==== INFORMATION PROVIDED ====

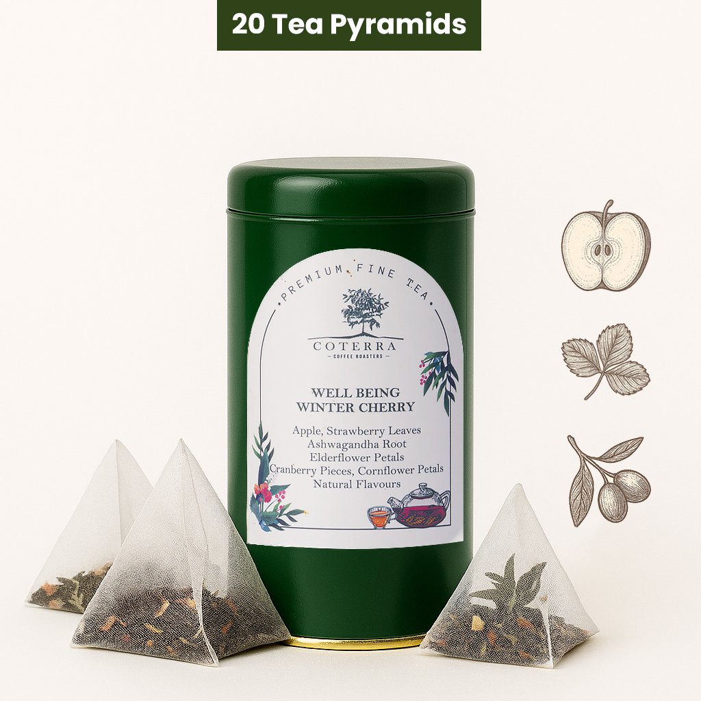 Apple , Strawberry leaves, Ashwagandha Root, Elderflower petals, Cranberry Pieces, Cornflower Petals Natural Flavours.
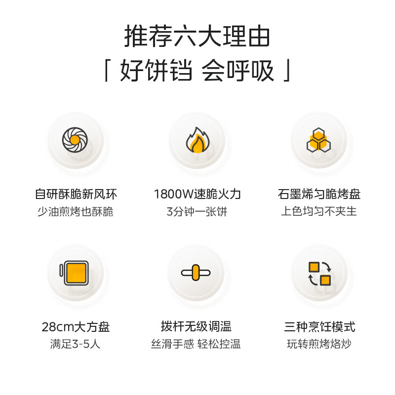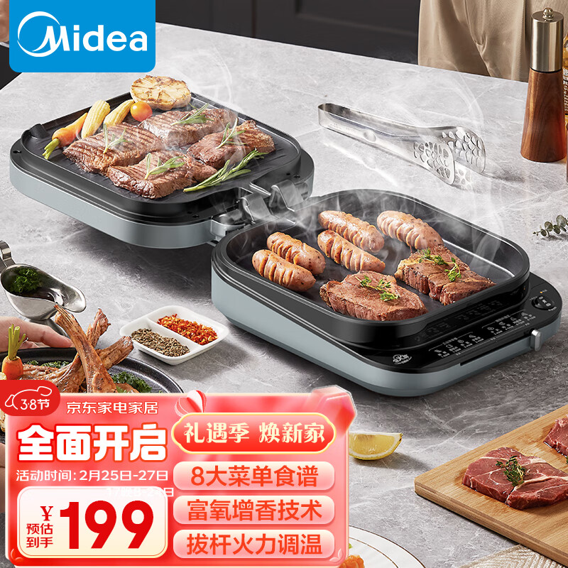 美的(Midea)麦香速脆家用电饼档双面加热大口径大火力煎饼锅加深智能烙饼锅三明治早餐机电饼铛JKE3080价格:199.00元!
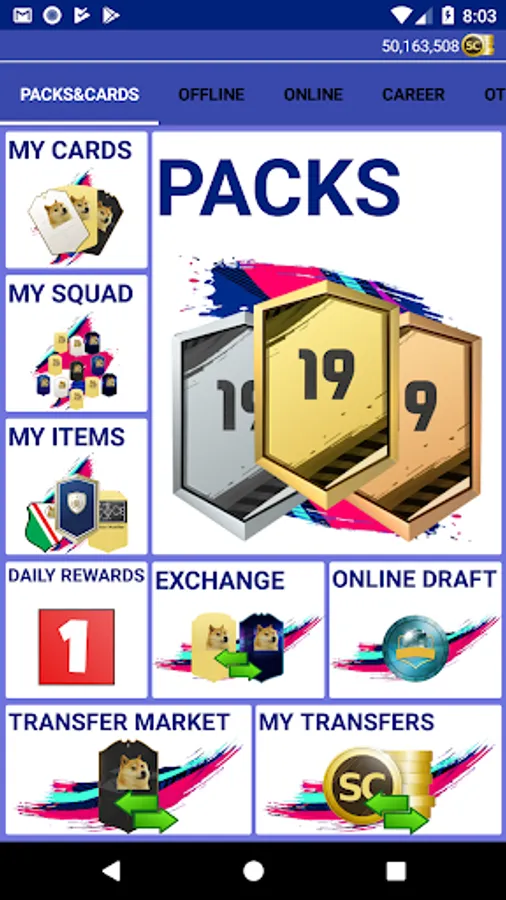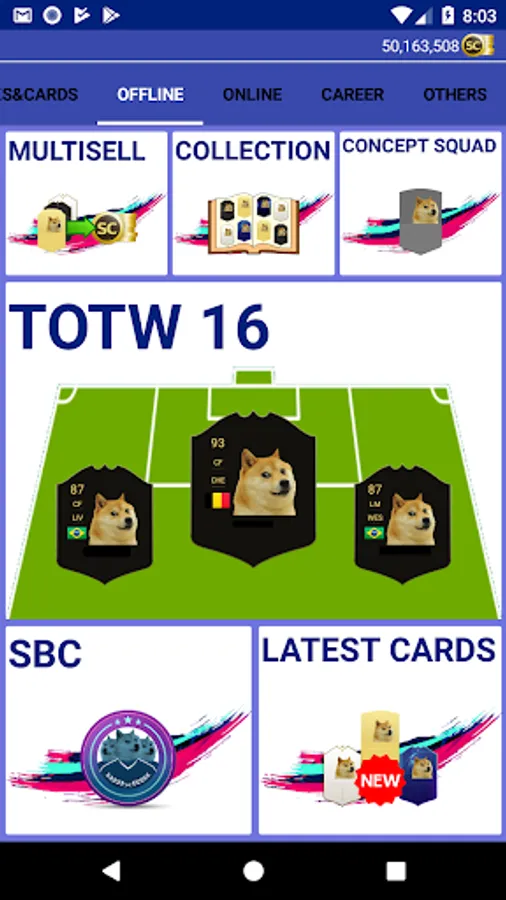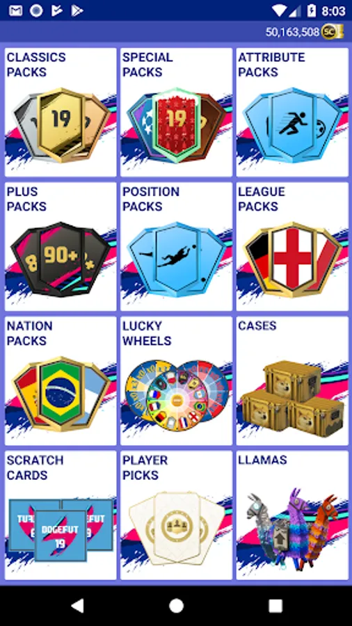 Open packs and collect all the Doge Fut player cards!

====

### TASK INSTRUCTIONS
Give back exactly the lines from the line with "美的(Midea)麦香速脆家" through the end of the material above, and omit every picture.

### ANSWER TO THIS PROBLEM
 美的(Midea)麦香速脆家用电饼档双面加热大口径大火力煎饼锅加深智能烙饼锅三明治早餐机电饼铛JKE3080价格:199.00元!
 Open packs and collect all the Doge Fut player cards!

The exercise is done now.